Transocean Ltd (RIG) continued its losing streak that began more than a year ago and posted a narrower than expected loss in the second quarter helped by strong revenue efficiency, exceeding 97%, and higher activity as the quarter marked the first full operations for all five of its newest ultra-deepwater drillships. Revenues came in above estimates during the quarter.
The Switzerland-based offshore drilling company, which has its U.S. operations headquartered in Houston, stayed in the negative territory for the fifth consecutive quarter, posting a loss of $2.46 per share in the second quarter of 2018 compared to a loss of $4.32 per share last year.
The quarterly GAAP bottom line included loss on impairment of three floaters previously announced for retirement, goodwill impairment charge, discrete tax expense and restructuring charges. Adjusted loss per share was $0.04 compared to breakeven a year ago.
Contract drilling revenues rose 12% annually to $790 million during the quarter. The results were favorably impacted by higher revenue efficiency and utilization on the company’s ultra-deepwater fleet.
The company further strengthened its balance sheet and extended its liquidity runway by negotiating a new $1 billion revolving credit facility extending into 2023, refinancing debt associated with the Songa acquisition, and executing on a secured facility for the Deepwater Pontus.
During the quarter, Transocean purchased a 33% interest in the newbuild, harsh environment semisubmersible Transocean Norge (formerly the West Rigel) through a joint venture with Hayfin Capital Management LLP.

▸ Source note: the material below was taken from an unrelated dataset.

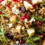 - Assemble Salad: In a large bowl, combine the cooled quinoa, 1 cup pomegranate seeds, 2 cups chopped arugula, 1 chopped Gala apple, ½ cup chopped walnuts, ¾ cup crumbled feta, and ½ cup dried cranberries.

In the quarterly fleet status report, Transocean has added about $405 million in contract backlog since the previous report. As of July 23, the company’s backlog is $11.7 billion, which includes dayrate reductions on four of its newbuild drillships related to cost de-escalations attributable to down-manning.
Transocean’s competitor Diamond Offshore Drilling (DO) reported an adjusted net loss of $0.33 per share for the second quarter, compared to a $0.38 per share loss analysts had projected. Halliburton (HAL) posted a 24% growth in revenues for its most recent quarter.
Transocean’s shares gained 1.5% in the after-hours trading session following the impressive earnings report. The stock ended Monday’s regular trading session up 3.60% at $13.38 on the NYSE. Shares have shown an upward trend, rising by 54% for the past year and by 25% for the year-to-date.